**Exercise aim**
Find "打开3Dmax2012软件,点击【创建】" below and begin at its line; stop after the line with "before the other.". Output those lines exactly, without pictures.

Entries shown below:

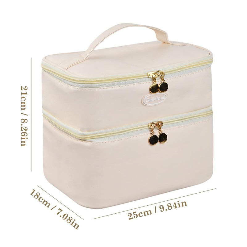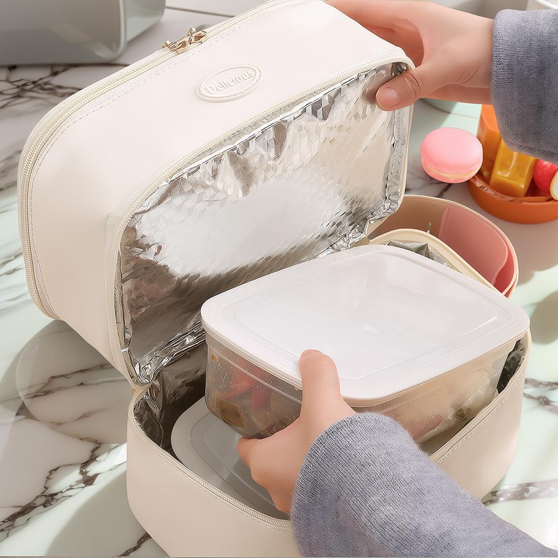 DEARBAG Lunch Bags with Handle for Women, Reusable Leakproof Lunch Box Tote Bag, Portable Insulated Cool Bags, Packed Thermal Cooler Bag for Work, School, Picnic and Travel (Beige) (Double-Layer)
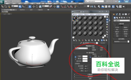打开3Dmax2012软件,点击【创建】-【几何体】-【标准基本体】-【茶壶】,在作图区域绘制一个茶壶模型并将茶壶的分段参数设置为:10,对象颜色设置为:白色(如图所示);
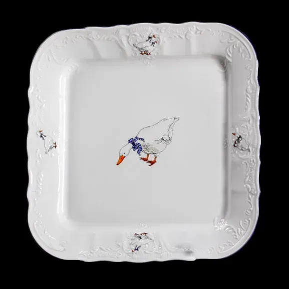 Поднос квадратный фарфоровый с рисунком Bernadotte Гуси 26 см
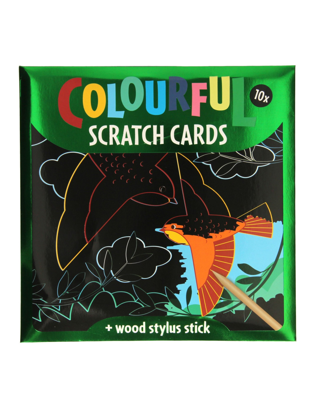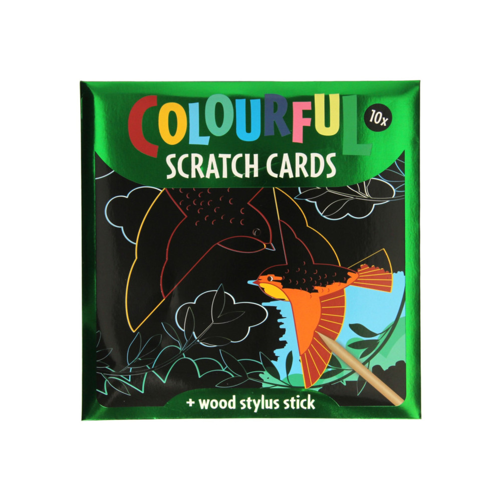 Set van 10 kleurrijke kraskaarten met afbeeldingen van vogels en vlinders. Afmetingen: 22 x 22 centimeter. Inclusief houten kraspen. Geschikt vanaf 3 jaar.
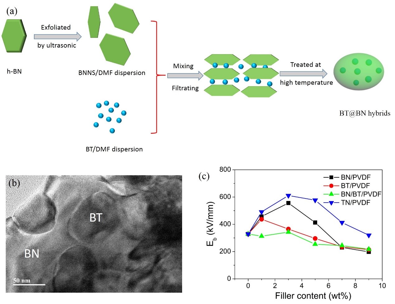 图(a) BT@BN复合颗粒的制备流程示意图;(b) BT@BN复合颗粒TEM照片;(c) 复合材料击穿强度。
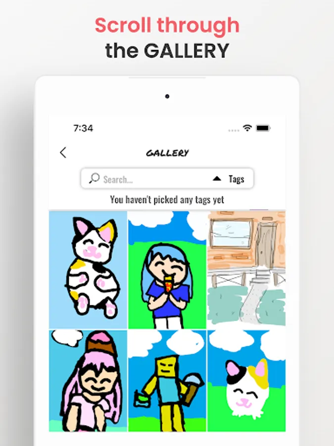 #Look through many drawings with only swiping your finger. Additionally, you can go to the gallery and find the best drawings, sketches, and procreations. You are guaranteed to be inspired by the artflow.
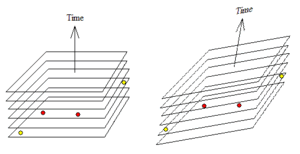 • Relativity of simultaneity: Observers who are in motion with respect to each other may disagree on whether two events occurred at the same time or one occurred before the other.
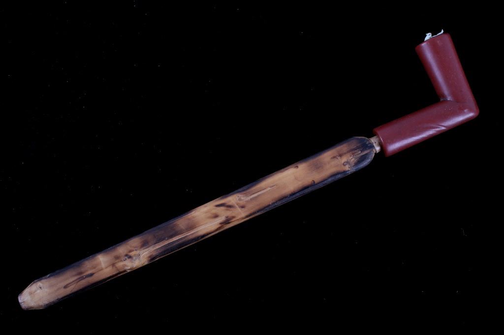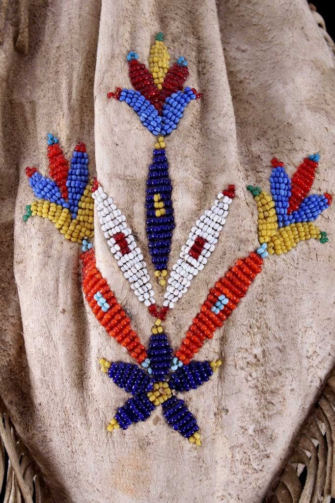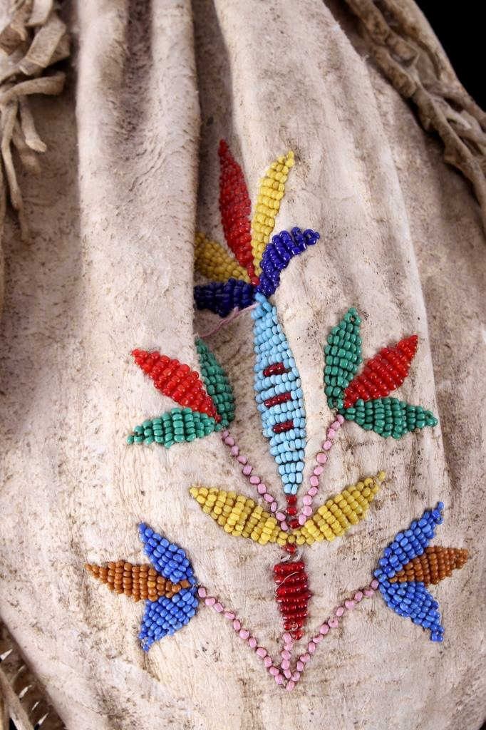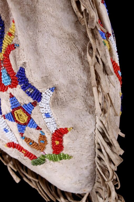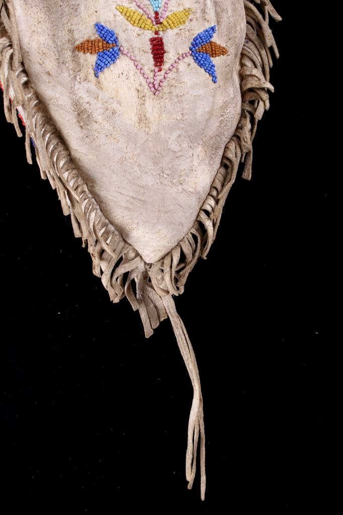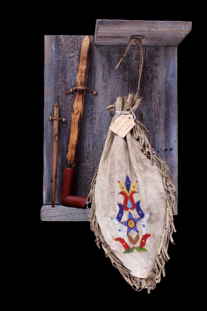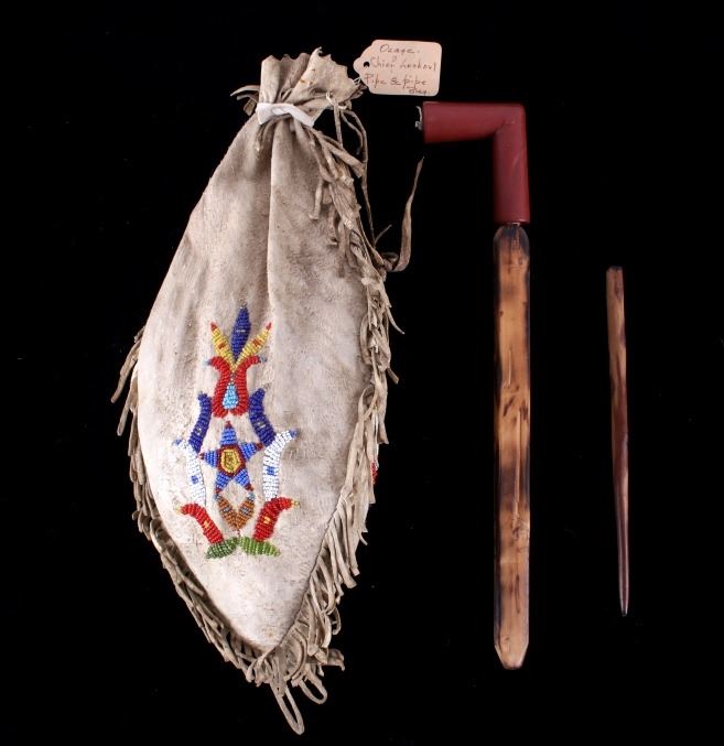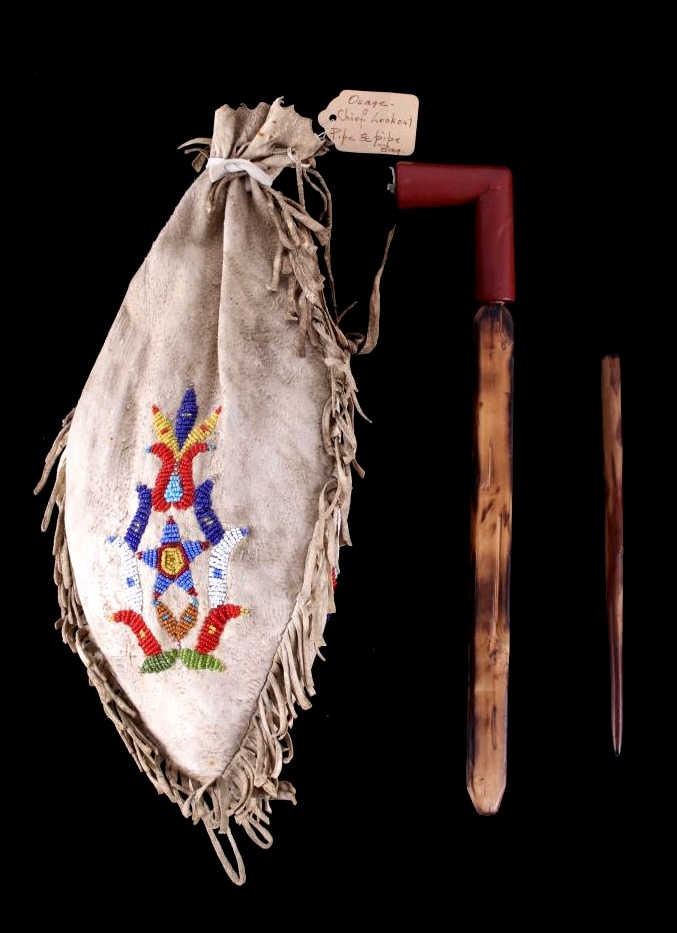 This is an authentic 19th Century beaded pipe bag with pipe from Osage American Indian Chief Fred Lookout. The piece was purchased from Bonham’s Auction House 40 years ago by the current collectors family where it has been displayed since. The lot includes an outstanding whimsically beaded pipe tobacco bag dating to the 19th Century and a later early 1900 elbow catlinite pipe with wood stem and wood tamper. The set was owned and used by Osage Chief Fred Lookout (1865-1949). Chief Lookout was one of the leaders of the Osage people and was born near Independence, Kansas. Lookout entered tribal politics in 1908 when he was elected as assistant principal chief and then later appointed the principal chief by the U.S. Secretary of the Interior Walter L. Fisher, replacing Bacon Rind. He served as the principal Chief of the Osage Nation for most of the rest of his life until his death in 1949. The bag shows an Indian tanned hide construction having a fantastic pattern of three panels sewn together with an artful hand cut long fringe accent down each of the three seems. Each of the three sides shows excellent whimsical geometric beadwork with all early circa 1800’s period correct glass trade seed beads of greasy yellow, butterscotch, chalk white, cobalt, semi-transparent red, semi-transparent green, sky padre blue, medium green and Cheyenne pink in designs such as a five-pointed star, flower, blossoms and possibly corn. The top of the bag shows the original tie straps and an old collection museum tag which states, “Osage Chief Lookout Pipe & Pipe Bag”. The pipe shows a pipestone catlinite elbow design which has been nicely hand carved and has a good rich smoked patina. Along with the pipe is a possibly later added short wood pipe stem which shows an old original gasket at the pipe connection and burnt finish, a truly artistic and ceremonial addition. Along with the pipe is an original wood pipe tamper. Provenance: From the private family collection of Sarah Alling of Helena, Montana. The piece was purchased by her family at Bonham’s Auction House over 40 years ago. The family collection of Sarah Alling, a 5th Generation Montanan, began in the 19th Century and has grown since. Along with being an avid collector herself, Sarah co-founded with Bruce VanLandingham Sundog Fine Art of Bozeman, Montana which was both part museum and gallery. The bag measures 15”L with an additional 6”L of fringe by 7”W x 7”D. Comes on a display which was created by Sarah Alling’s father, the original purchaser.

End of Entries shown.

**Written answer**
打开3Dmax2012软件,点击【创建】-【几何体】-【标准基本体】-【茶壶】,在作图区域绘制一个茶壶模型并将茶壶的分段参数设置为:10,对象颜色设置为:白色(如图所示);
 Поднос квадратный фарфоровый с рисунком Bernadotte Гуси 26 см
 Set van 10 kleurrijke kraskaarten met afbeeldingen van vogels en vlinders. Afmetingen: 22 x 22 centimeter. Inclusief houten kraspen. Geschikt vanaf 3 jaar.
 图(a) BT@BN复合颗粒的制备流程示意图;(b) BT@BN复合颗粒TEM照片;(c) 复合材料击穿强度。
 #Look through many drawings with only swiping your finger. Additionally, you can go to the gallery and find the best drawings, sketches, and procreations. You are guaranteed to be inspired by the artflow.
 • Relativity of simultaneity: Observers who are in motion with respect to each other may disagree on whether two events occurred at the same time or one occurred before the other.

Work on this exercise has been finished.